Molly can’t finish her breakfast. In fact, she suddenly realises, as a strong waft of the pungent vapour from her untouched coffee reaches her nostrils and her stomach starts to churn alarmingly, that she really is going to be sick.
She only just makes it back to the bathroom, kneeling on the floor with her head over the toilet bowl as clumps of undigested porridge force their way back up and the room takes on the smell of rotting banana. Her tummy really aches now, with all the strain of bringing everything up. Oh God, it must be something she’s eaten. That lasagne she’d put aside half-cooked and then gone back to last night maybe? Two-day old mince was probably not such a good idea. Unless she’s caught some sort of bug? But Jack seemed fine this morning, and she hasn’t been near enough to anyone else she could possibly have caught it from. A glass of cold water should sort her out, then she really should go back to bed and sleep it off.
She flushes the toilet, gets up and rinses her mouth, then goes back into the kitchen. Maybe some paracetamol will help? She has only recently put them into the odds and ends drawer. Having only just moved in, she still knows exactly where everything is, right down to the last battery, reel of Sellotape and paperclip, and most of them are right here in this drawer. She takes two tablets out of their foil and swallows them, already feeling a bit better. She’ll probably be okay again by lunchtime if she takes a little nap.

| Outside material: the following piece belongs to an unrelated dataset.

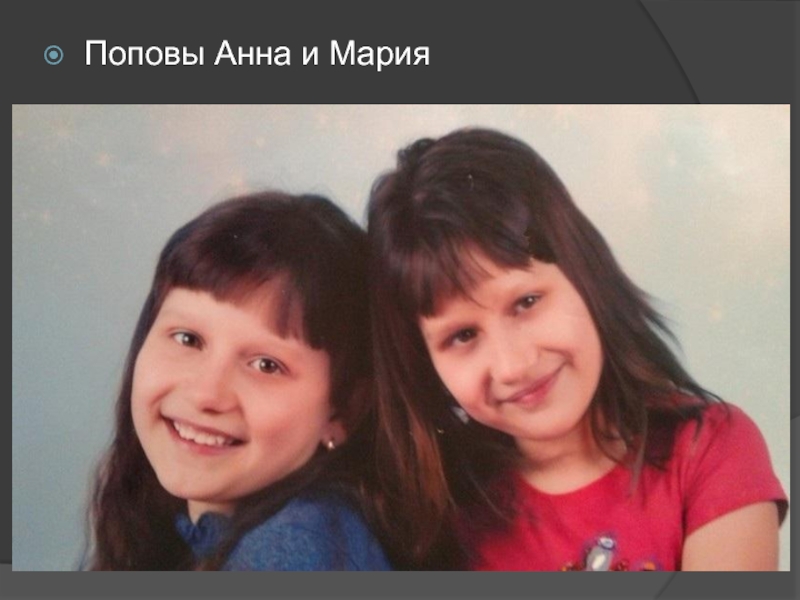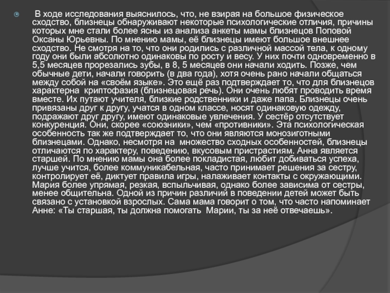 сходство, близнецы обнаруживают некоторые психологические отличия, причины которых мне стали более ясны из анализа анкеты мамы близнецов Поповой Оксаны Юрьевны. По мнению мамы, её близнецы имеют большое внешнее сходство. Не смотря на то, что они родились с различной массой тела, к одному году они были абсолютно одинаковы по росту и весу. У них почти одновременно в 5,5 месяцев прорезались зубы, в 8, 5 месяцев они начали ходить. Позже, чем обычные дети, начали говорить (в два года), хотя очень рано начали общаться между собой на «своём языке». Это ещё раз подтверждает то, что для близнецов характерна криптофазия (близнецовая речь). Они очень любят проводить время вместе. Их путают учителя, близкие родственники и даже папа. Близнецы очень привязаны друг к другу, учатся в одном классе, носят одинаковую одежду, подражают друг другу, имеют одинаковые увлечения. У сестёр отсутствует конкуренция. Они, скорее «союзники», чем «противники». Эта психологическая особенность так же подтверждает то, что они являются монозиготными близнецами. Однако, несмотря на множество сходных особенностей, близнецы отличаются по характеру, поведению, вкусовым пристрастиям. Анна является старшей. По мнению мамы она более покладистая, любит добиваться успеха, лучше учится, более коммуникабельная, часто принимает решения за сестру, контролирует её, диктует правила игры, налаживает контакты с окружающими. Мария более упрямая, резкая, вспыльчивая, однако более зависима от сестры, менее общительна. Одной из причин различий в поведении детей может быть связано с установкой взрослых. Сама мама говорит о том, что часто напоминает Анне: «Ты старшая, ты должна помогать Марии, ты за неё отвечаешь».

She drops the packet back in the drawer, pushing a few bits aside to make room. A tube of superglue. Spare keys. Her diary, the small pocket-sized one that she doesn’t bother keeping in her bag anymore, now she has no appointments to worry about. And that’s when it hits her. Why didn’t she think of it before? She picks up the diary and flips to the page for this week. Jack’s mum’s birthday is coming up on Saturday. She must get a card, post a present or order flowers, remind him to ring. She turns the pages back, to their moving date last week, their anniversary the week before that. Five years already! And back again, and again, page after page until she finds it. The little tick she makes on period days. Always has, ever since she was thirteen and her first sight of bloodied knickers had almost frightened the life out of her. It’s the first tick she’s come to, and it’s – what? Nine weeks ago? Ten? She turns the pages again, slowly, one by one, but there are no more recent ticks than that. How can she not have noticed? Realised? Or did she just forget to tick the last time, what with being so busy with all the stress of the move?
Molly slumps into a kitchen chair and puts her hand instinctively to her tummy. The tightening waistband, the craving for biscuits, and now the sickness? They all add up to something she hadn’t expected at all. But she is, isn’t she? Expecting? She has to be.
Oh, God, what will Jack say? This was never part of his plan. A new job, a new start, having fun in London. A new life, that’s what he wanted, but nobody ever mentioned this sort of new life. The sort she feels almost sure is growing inside her.
She wonders if Rick sells pregnancy testing kits. He probably does. He seems to sell everything else. Because she has to be sure. It’s the only way to convince herself this is real. She can’t even begin to work out how she feels about any of it until she’s sure it’s real.